I thought about what had happened after I’d received Marco’s letter.

“No, it’s not just you. It’s me too. We’re like two people drowning. We weren’t careful and got our limbs tangled together and then we both sank to the bottom!”

“Lorrie, it’s not like that?”

“Yes it is!” I yelled. “Look at what happened to us. You took a fight and got beaten up right after you came out of the hospital.”

“It wasn’t your fault,” Hunter continued to protest.

“It was my fault! And it was your fault too! It was our fault!”

My breaths were coming quickly now, almost panting. It looked like my words were slowly sinking in and I could tell he was trying to think about it.

I tried to steady myself. “It’s not that I don’t care about you, or that I don’t want to be with you. I just don’t know if we can make it work without hurting each other.”

He sighed and ran his hands through his hair, making it messier. “Fine, maybe it was our fault. We got a little too intense. But you know what Lorrie? I’ve never felt anything like being with you. I know you feel the same way too. That’s gotta be something right?”

His looked at me, his eyes expectant and challenging, but I didn’t know how to face him. I looked down at my shoes, trying to put into words how I felt.

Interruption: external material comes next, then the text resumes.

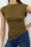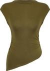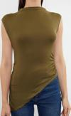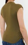 Ürün Özellikleri şu şekildedir: Desen:Düz | Yaka Tipi:Dik Yaka | Kol Tipi:Ay Kol | Kalıp:Slim | Kumaş Tipi:Örme | Renk:Haki | Cep:Cepsiz | Ürün Detayı:Büzgü / Drape | Ürün Tipi:Düz | Boy:Regular | Kol Boyu:Kısa | Ortam:Casual/Günlük | Siluet:Basic | Dokuma Tipi:Viskon Süprem | Persona:Cool & Comfort | Sürdürülebilirlik Detayı:Hayır | Materyal Bileşeni:96% Viskoz, ,4% Elastan | Yıkama Talimatı:T02 | Yaş:Tüm Yaş Grupları |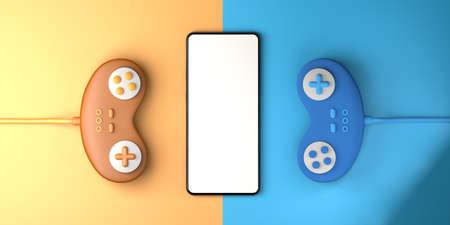 Concept of video game competition with gamepad and smartphone. Gaming. Gamer. Copy space. Banner. 3D Illustration.

“I don’t know,” I said, sighing deeply. Nothing made sense. I was drained and exhausted and I didn’t want to argue anymore. When I woke up that morning, I thought I would never see Hunter again. Now, he was here in front of me, had a horrible illness, and wanted to work things out. My temples were pounding and I could barely even think straight.

He took my hand in his. “Please, Lorrie. We can do this.”

I massaged my forehead, but it did nothing to ease the pounding pain. I didn’t know if what Hunter wanted was possible or not, but we couldn’t just keep pushing each other away. If I’d learned anything the past couple months, it was that Hunter and I couldn’t be just friends. Keeping each other at arm’s length would only lead to more pain. Still, how could we build something healthy together?